GeekVape Blitzen RTA

Product Introduction

GeekVape Blitzen Is An Ultimate Side Airflow RTA With Leak-Proof Design In 24mm Diameter. The Smooth Airflow Blows Directly To Coils With A Shortest Path To Drip Tip, Which Delivers Full Flavor And Massive Vapor Production. And The 18mm Postless Build Deck Allows Easy Coil Building And Supports Both Single And Dual Coil Build. You Can Choose TPD Edition And Standard Edition According To Your Needs. https://vapeshop.co.za/index.php?_route_=Geek-Vape-Blitzen-RTA

Reactions: Like 1 | Thanks 1


----------



## Stranger (13/5/20)

As usual when you see a review they all use (and punt) some fancy coils by xyz. Thanks for the above comments and willing to try. I have done parallels before with good results on the Blotto. I also have some twisted left over but somehow I don't think that will go well with this.

I am at least now looking forward to builds whereas before they filled me with trepidation.

As above, this was the supplier.

Reactions: Like 1


----------



## Resistance (13/5/20)

Stranger said:


> As usual when you see a review they all use (and punt) some fancy coils by xyz. Thanks for the above comments and willing to try. I have done parallels before with good results on the Blotto.
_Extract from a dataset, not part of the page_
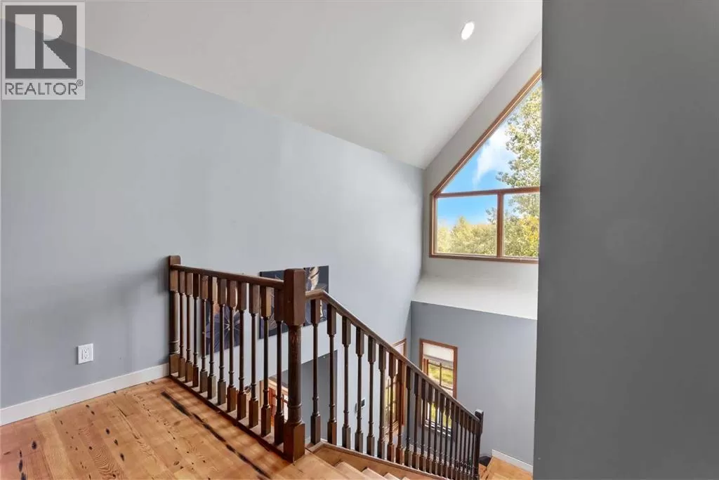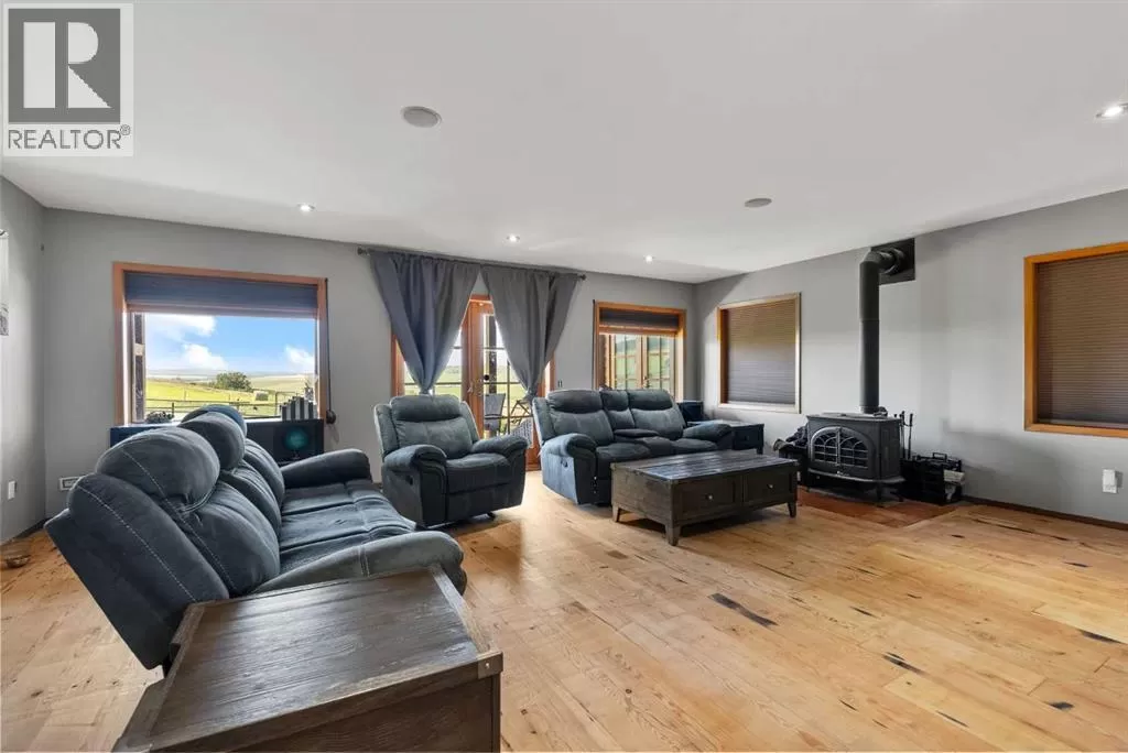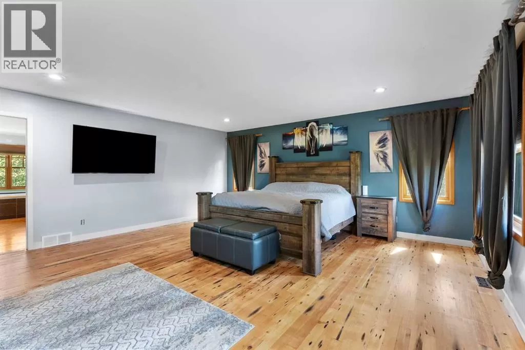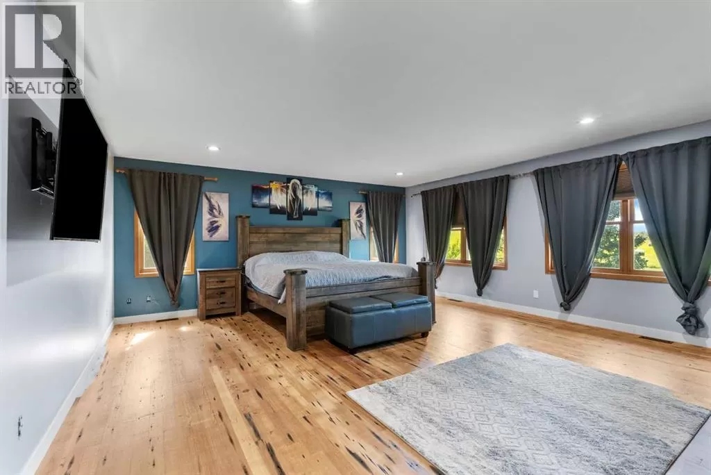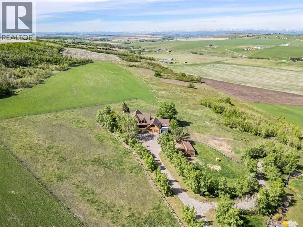 Discover the ultimate retreat at this secluded hilltop estate, boasting breathtaking mountain views and nestled on over 5 acres of lush land. YOU WILL NOT FIND A BETTER PRICE PER SQUARE FOOT HOME! This stunning cedar-wrapped residence features 8 spacious bedrooms and 8 bathrooms, offering nearly 8,200 square feet of beautifully developed space. Fully fenced and perfect for horses or family pets, this property provides ample room for a large family to thrive. Enjoy the serene surroundings, complete with mature trees and expansive views. The home includes two master bedrooms, a main floor bedroom, and a separate office space. A remarkable 1,363 square-foot recreation/flex room awaits, ideal for a dance or art studio, games room, or even converting back into an indoor pool. Step outside to unwind around the fire pit, take a dip in the new swim spa, or explore the picturesque walking and riding trails among the mature landscaping. With plenty of accommodations for out-of-town guests, including RV parking, this home is perfect for entertaining. Special features such as hand-scraped hardwood flooring throughout, granite countertops, upgraded appliances, a cozy wood-burning stove, and generously sized bedrooms and bathrooms enhance the appeal of this family haven. Conveniently located just a short 7-minute drive from Okotoks, this estate offers the perfect blend of privacy and accessibility. (id:27476)

I also have some twisted left over but somehow I don't think that will go well with this.
> 
> I am at least now looking forward to builds whereas before they filled me with trepidation.

Reactions: Thanks 1


----------



## Resistance (13/5/20)

Hope that's better. He wicks it on the video.
Try a dual coil and parallel the 24 and 26 Guages.

Reactions: Thanks 1


----------



## CJB85 (13/5/20)

Stranger said:


> I am sure there are lots of folk who have these, I managed to get one on special and I am not into the latest and greatest but look for good performers.
> By all accounts this seems a good tank and the first top feed one I have. Reviews seem good but also some guys seem to have leaking issues which puzzles me a little as where would it leak from ?
> 
> Wicking advice ?
> ...


I just had a look at the pictures, because I don't know this atty at all. It seems like it is not a true top airflow atty (like the Zeus, Intake, Serpent Elevate), but rather just a "higher" airflow atty. It seems the airflow holes are raised to just above the coil height, so if you wick it badly and the deck floods under the pressure of a full tank, or if you let it tilt too much for a while you may get leaking.
Just make sure that you have enough cotton to cover the ports of the juice well, so that there are no holes and screw the tank on carefully (sometimes tank sections can shift the cotton it the fit is quite close) and you should be fine.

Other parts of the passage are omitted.